Output exactly the lines of the listing below that run from the line with "11月14日萬(wàn)達集" through the line with "A minimalistic bedroom". No pictures.

--- Supplied records Enclosed Below ---

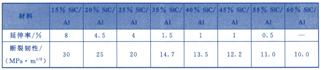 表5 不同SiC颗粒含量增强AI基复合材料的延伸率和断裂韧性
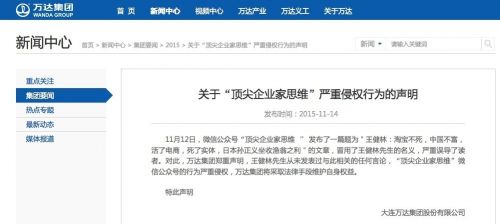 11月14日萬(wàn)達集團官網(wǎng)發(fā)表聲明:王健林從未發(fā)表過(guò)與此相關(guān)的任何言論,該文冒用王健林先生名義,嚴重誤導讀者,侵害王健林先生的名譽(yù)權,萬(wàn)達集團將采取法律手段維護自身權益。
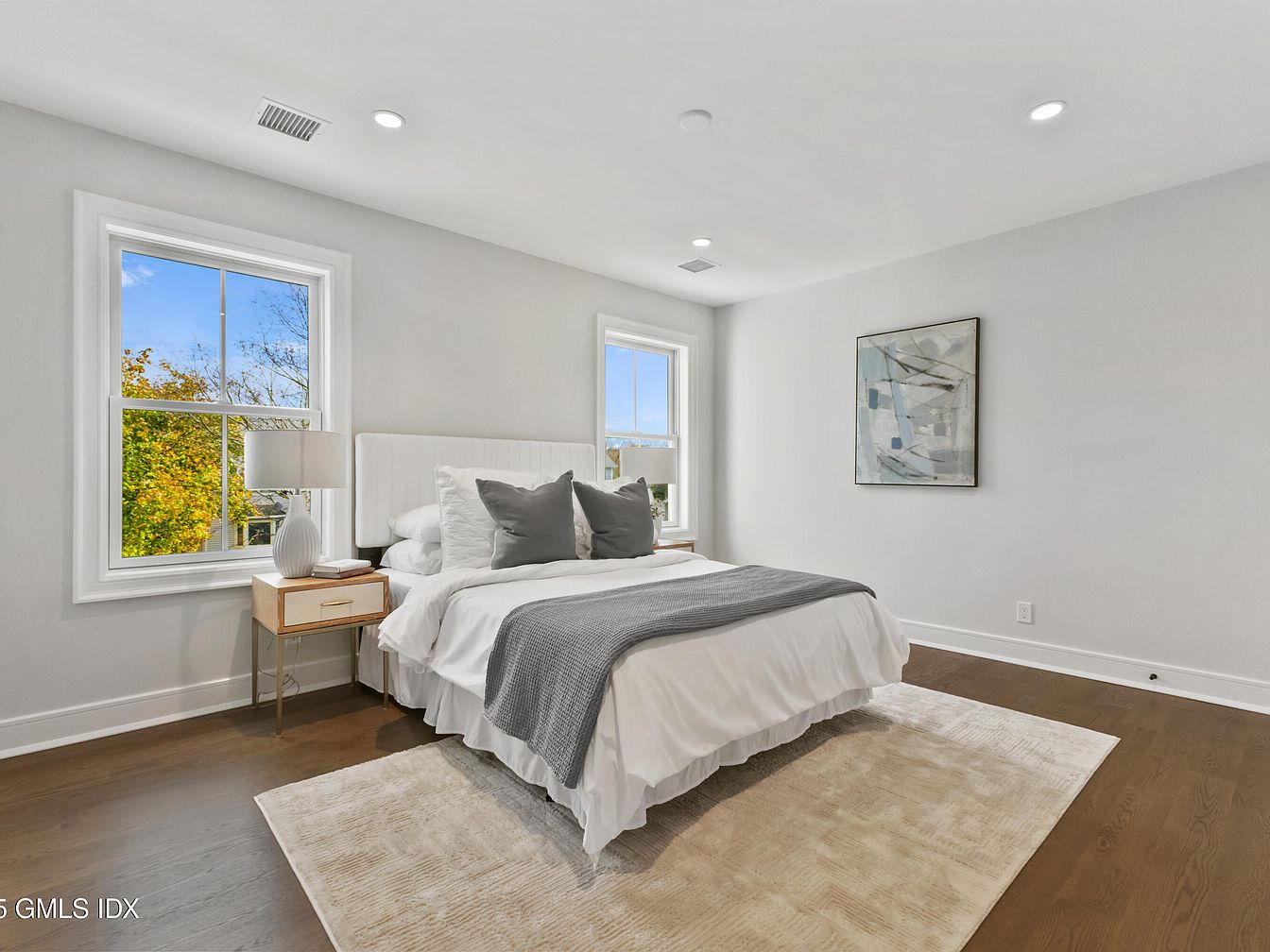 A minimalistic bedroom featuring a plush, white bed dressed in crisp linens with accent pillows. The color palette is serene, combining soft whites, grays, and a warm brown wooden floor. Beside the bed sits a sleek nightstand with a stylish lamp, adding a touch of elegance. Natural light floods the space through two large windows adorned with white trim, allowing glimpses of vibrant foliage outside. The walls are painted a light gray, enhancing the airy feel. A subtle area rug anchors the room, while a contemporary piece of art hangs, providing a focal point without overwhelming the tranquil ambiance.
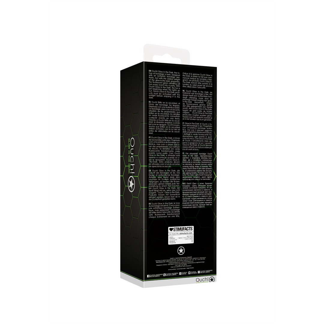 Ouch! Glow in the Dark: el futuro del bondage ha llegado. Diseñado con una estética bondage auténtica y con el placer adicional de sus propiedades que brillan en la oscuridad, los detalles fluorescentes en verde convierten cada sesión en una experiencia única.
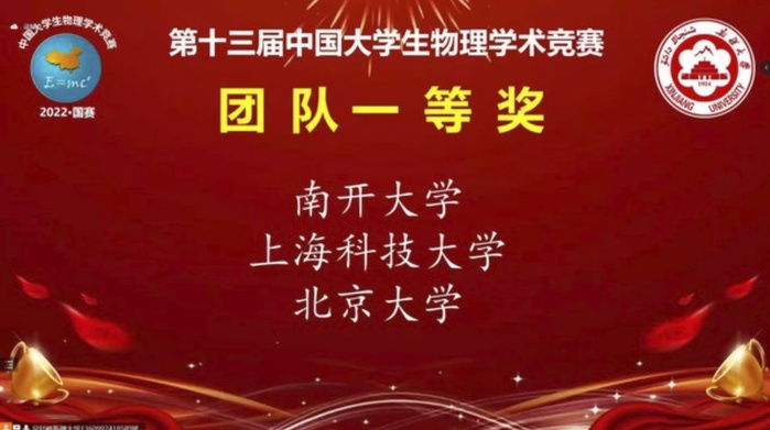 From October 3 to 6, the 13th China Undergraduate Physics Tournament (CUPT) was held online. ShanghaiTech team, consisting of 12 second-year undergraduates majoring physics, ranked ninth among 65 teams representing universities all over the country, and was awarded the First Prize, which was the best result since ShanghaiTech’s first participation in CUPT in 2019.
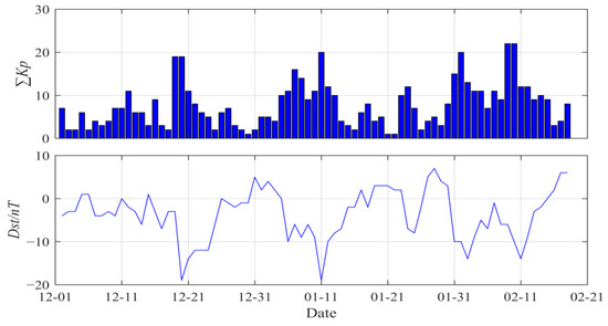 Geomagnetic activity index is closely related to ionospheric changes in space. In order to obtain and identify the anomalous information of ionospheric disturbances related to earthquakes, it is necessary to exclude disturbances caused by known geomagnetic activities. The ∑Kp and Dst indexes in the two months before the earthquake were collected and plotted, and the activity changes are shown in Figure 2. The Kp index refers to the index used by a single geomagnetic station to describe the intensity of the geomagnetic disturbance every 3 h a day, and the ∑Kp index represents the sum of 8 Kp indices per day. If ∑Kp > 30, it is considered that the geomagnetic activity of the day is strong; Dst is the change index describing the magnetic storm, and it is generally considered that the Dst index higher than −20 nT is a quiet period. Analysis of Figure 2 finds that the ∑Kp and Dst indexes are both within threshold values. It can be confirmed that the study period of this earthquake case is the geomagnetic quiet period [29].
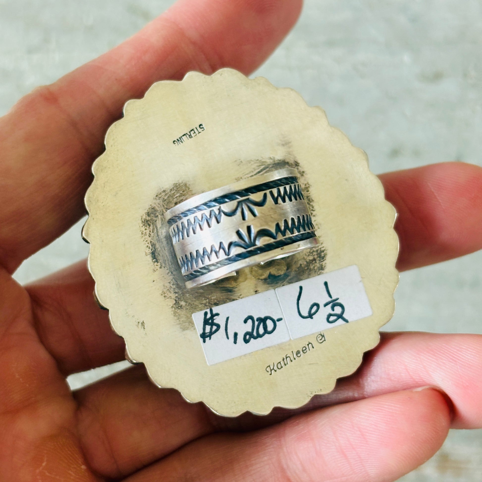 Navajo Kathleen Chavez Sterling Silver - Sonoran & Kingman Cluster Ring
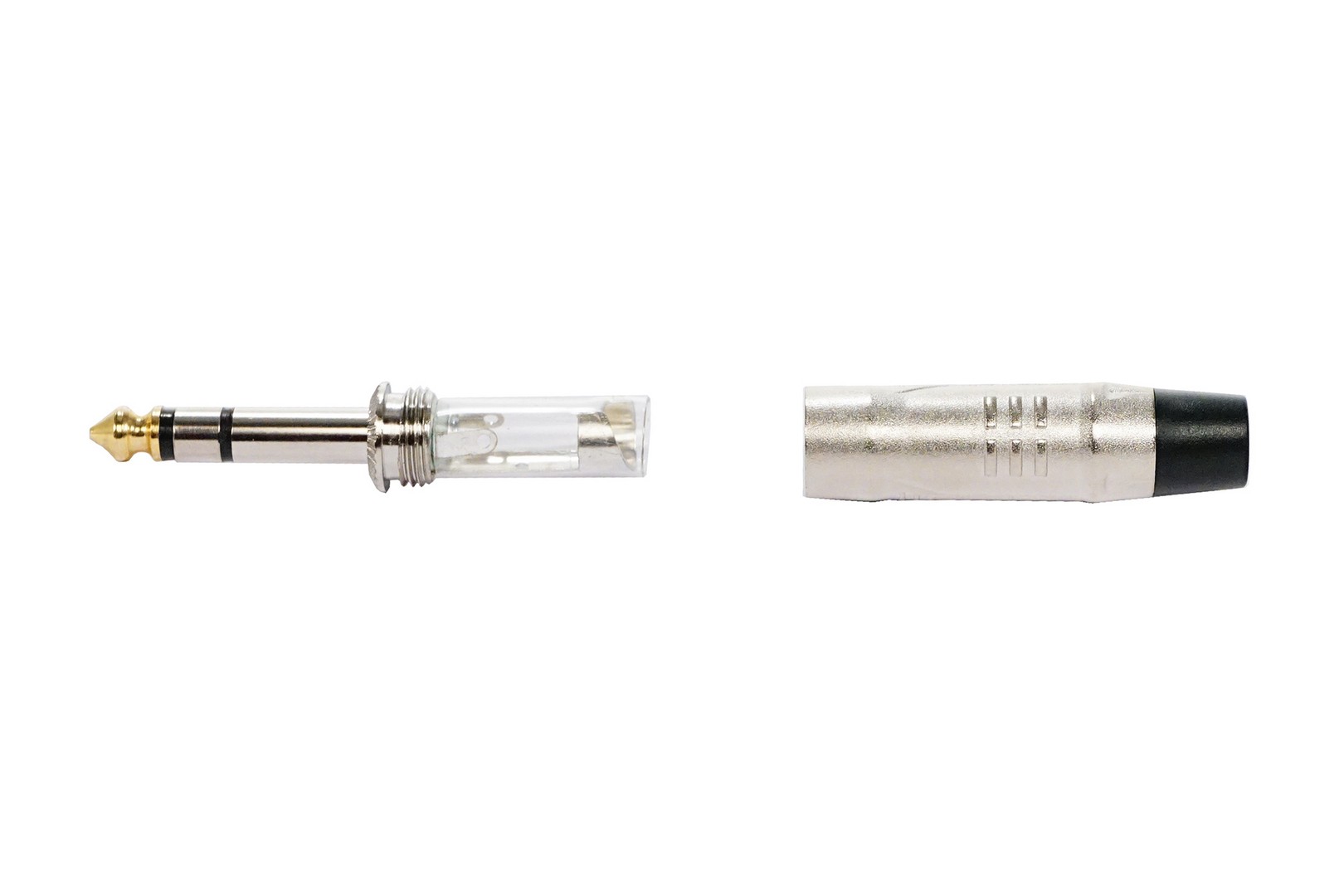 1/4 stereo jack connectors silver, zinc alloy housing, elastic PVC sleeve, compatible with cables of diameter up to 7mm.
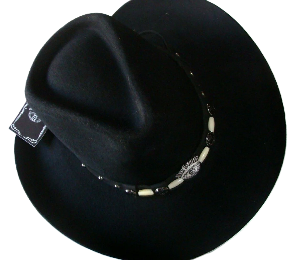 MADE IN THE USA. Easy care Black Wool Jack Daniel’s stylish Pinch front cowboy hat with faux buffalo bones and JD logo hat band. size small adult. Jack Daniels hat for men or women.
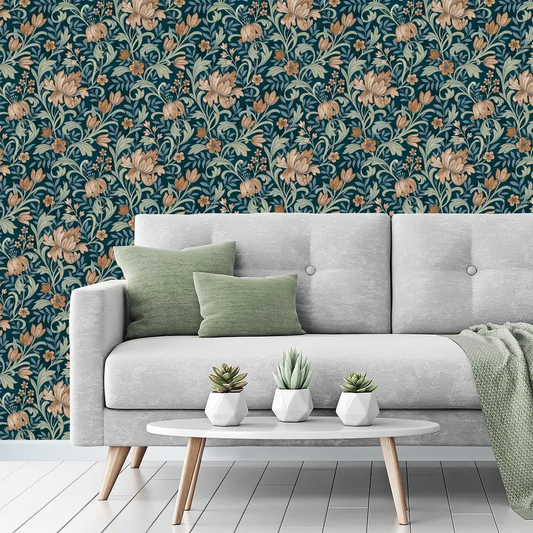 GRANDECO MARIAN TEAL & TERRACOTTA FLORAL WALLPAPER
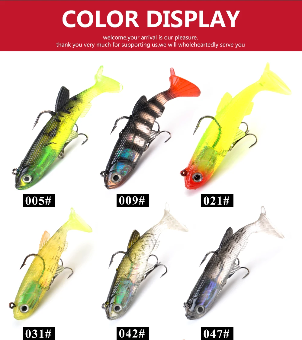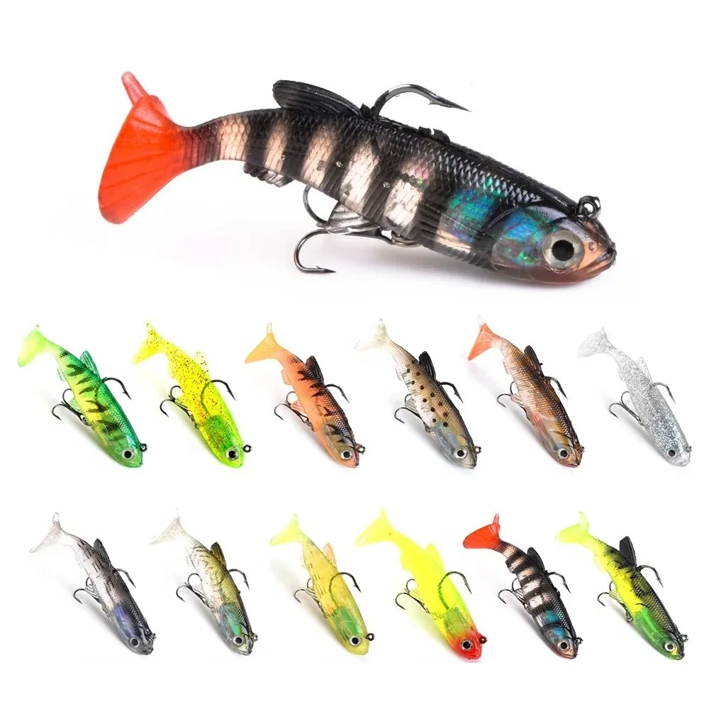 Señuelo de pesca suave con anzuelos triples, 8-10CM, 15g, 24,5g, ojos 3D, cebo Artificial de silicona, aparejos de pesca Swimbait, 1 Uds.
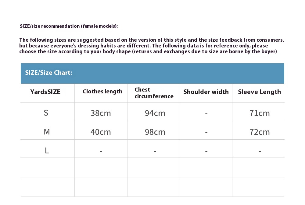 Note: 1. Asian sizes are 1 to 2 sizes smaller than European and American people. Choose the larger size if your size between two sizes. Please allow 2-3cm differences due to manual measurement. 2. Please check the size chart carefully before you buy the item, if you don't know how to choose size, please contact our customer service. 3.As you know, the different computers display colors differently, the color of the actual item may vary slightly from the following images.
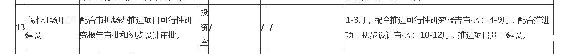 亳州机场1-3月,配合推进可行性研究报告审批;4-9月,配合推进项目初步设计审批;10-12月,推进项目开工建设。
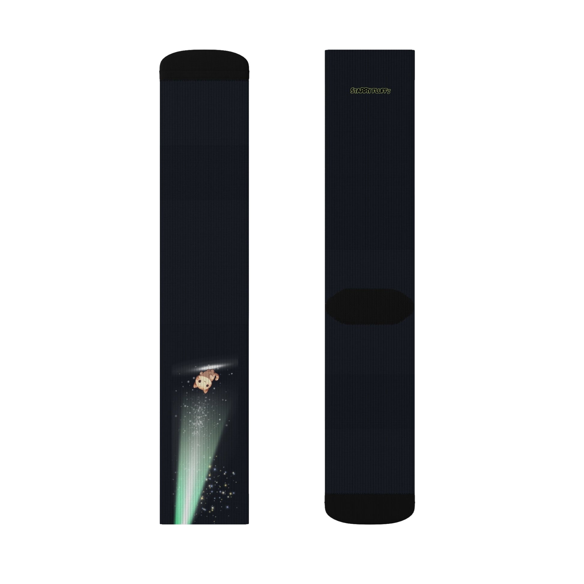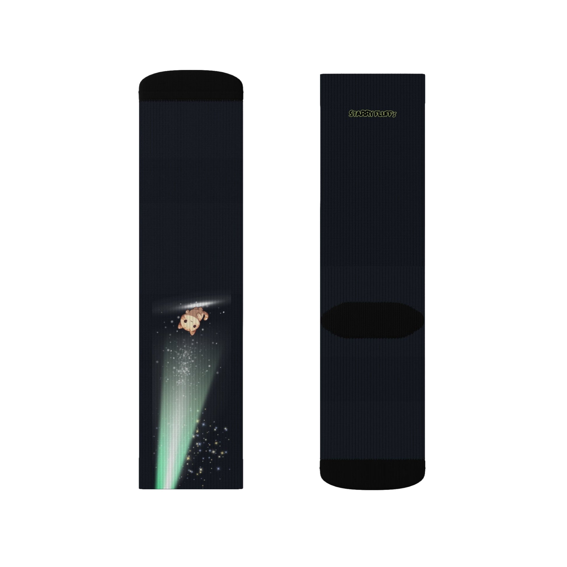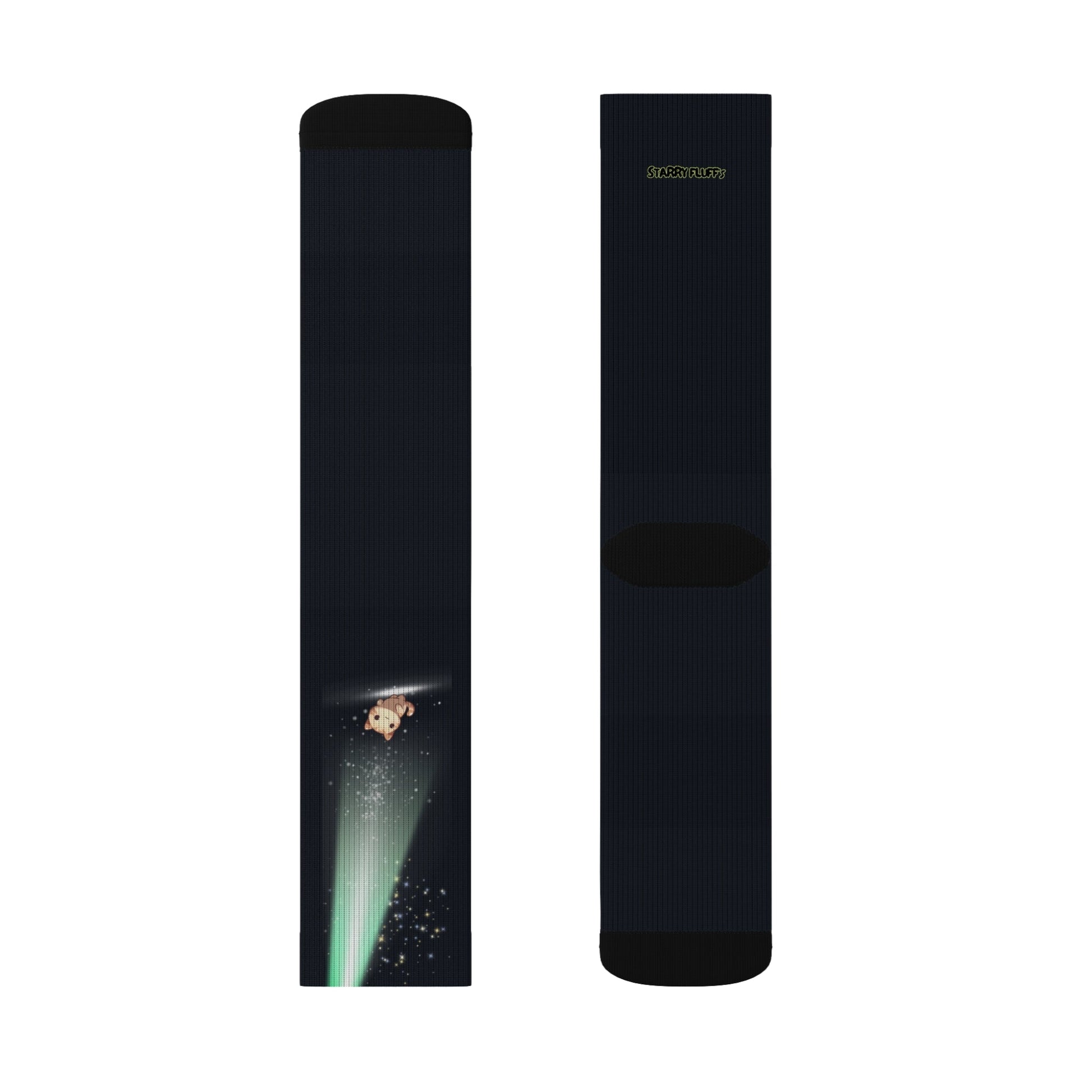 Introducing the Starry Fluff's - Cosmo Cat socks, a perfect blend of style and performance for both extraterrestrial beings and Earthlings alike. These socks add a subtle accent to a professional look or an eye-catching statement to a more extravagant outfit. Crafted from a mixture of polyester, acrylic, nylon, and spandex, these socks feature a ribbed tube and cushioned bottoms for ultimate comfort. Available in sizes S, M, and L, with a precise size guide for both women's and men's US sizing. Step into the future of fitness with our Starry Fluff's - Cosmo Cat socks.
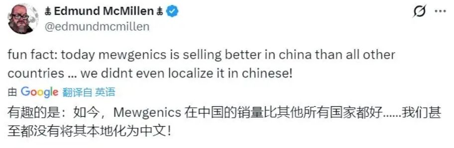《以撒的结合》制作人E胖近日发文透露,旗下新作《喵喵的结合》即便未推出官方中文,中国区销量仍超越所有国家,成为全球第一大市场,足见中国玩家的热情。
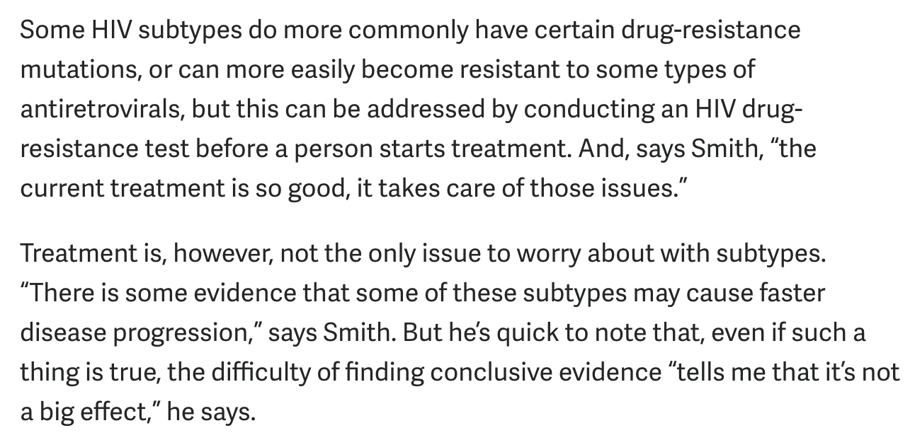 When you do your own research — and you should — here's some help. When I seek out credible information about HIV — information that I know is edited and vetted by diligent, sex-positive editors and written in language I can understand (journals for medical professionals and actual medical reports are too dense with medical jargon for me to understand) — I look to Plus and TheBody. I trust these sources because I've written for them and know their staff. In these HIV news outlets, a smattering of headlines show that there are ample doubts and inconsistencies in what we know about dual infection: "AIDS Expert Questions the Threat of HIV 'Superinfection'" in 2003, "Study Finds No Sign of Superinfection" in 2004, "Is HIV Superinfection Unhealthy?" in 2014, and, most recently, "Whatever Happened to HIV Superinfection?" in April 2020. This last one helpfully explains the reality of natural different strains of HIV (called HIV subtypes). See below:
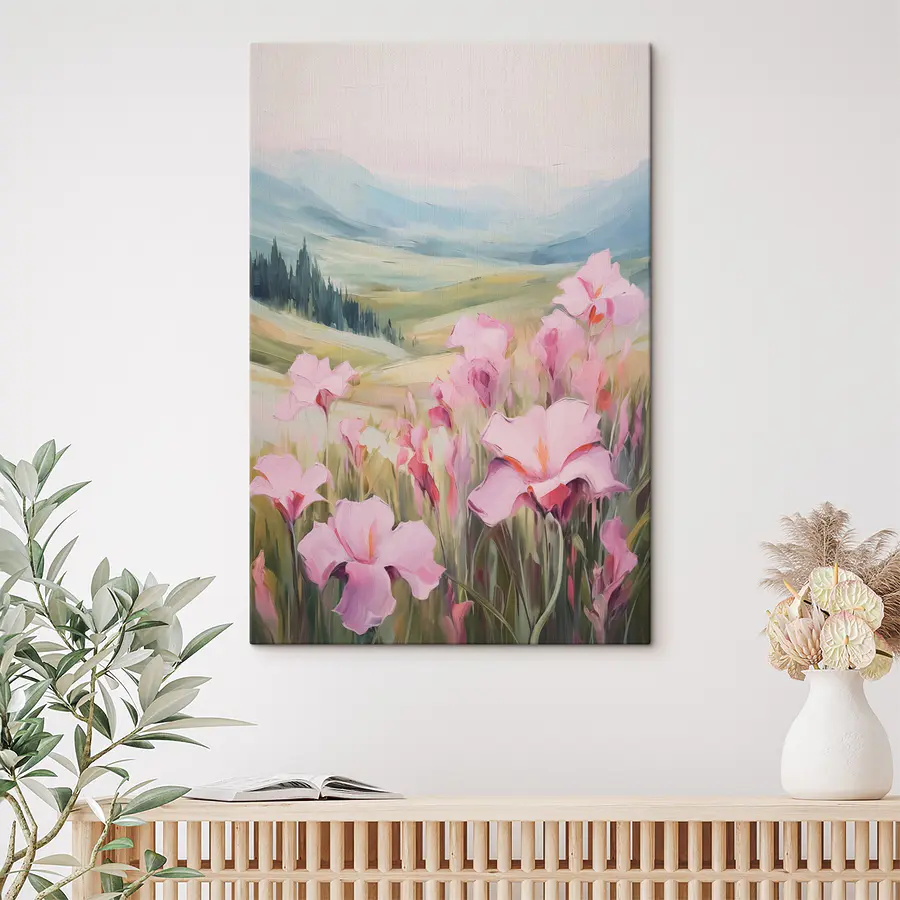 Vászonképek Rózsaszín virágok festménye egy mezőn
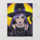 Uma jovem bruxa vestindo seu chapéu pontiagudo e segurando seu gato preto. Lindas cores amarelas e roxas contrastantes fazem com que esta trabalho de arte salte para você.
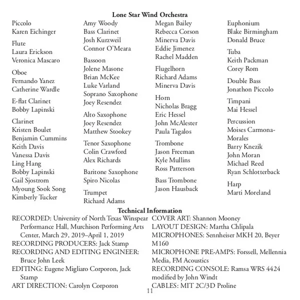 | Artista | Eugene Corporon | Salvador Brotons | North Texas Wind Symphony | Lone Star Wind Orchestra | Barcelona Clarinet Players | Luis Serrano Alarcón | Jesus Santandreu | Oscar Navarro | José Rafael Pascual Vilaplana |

--- End of Enclosed Supplied records ---

# Answer box
 11月14日萬(wàn)達集團官網(wǎng)發(fā)表聲明:王健林從未發(fā)表過(guò)與此相關(guān)的任何言論,該文冒用王健林先生名義,嚴重誤導讀者,侵害王健林先生的名譽(yù)權,萬(wàn)達集團將采取法律手段維護自身權益。
 A minimalistic bedroom featuring a plush, white bed dressed in crisp linens with accent pillows. The color palette is serene, combining soft whites, grays, and a warm brown wooden floor. Beside the bed sits a sleek nightstand with a stylish lamp, adding a touch of elegance. Natural light floods the space through two large windows adorned with white trim, allowing glimpses of vibrant foliage outside. The walls are painted a light gray, enhancing the airy feel. A subtle area rug anchors the room, while a contemporary piece of art hangs, providing a focal point without overwhelming the tranquil ambiance.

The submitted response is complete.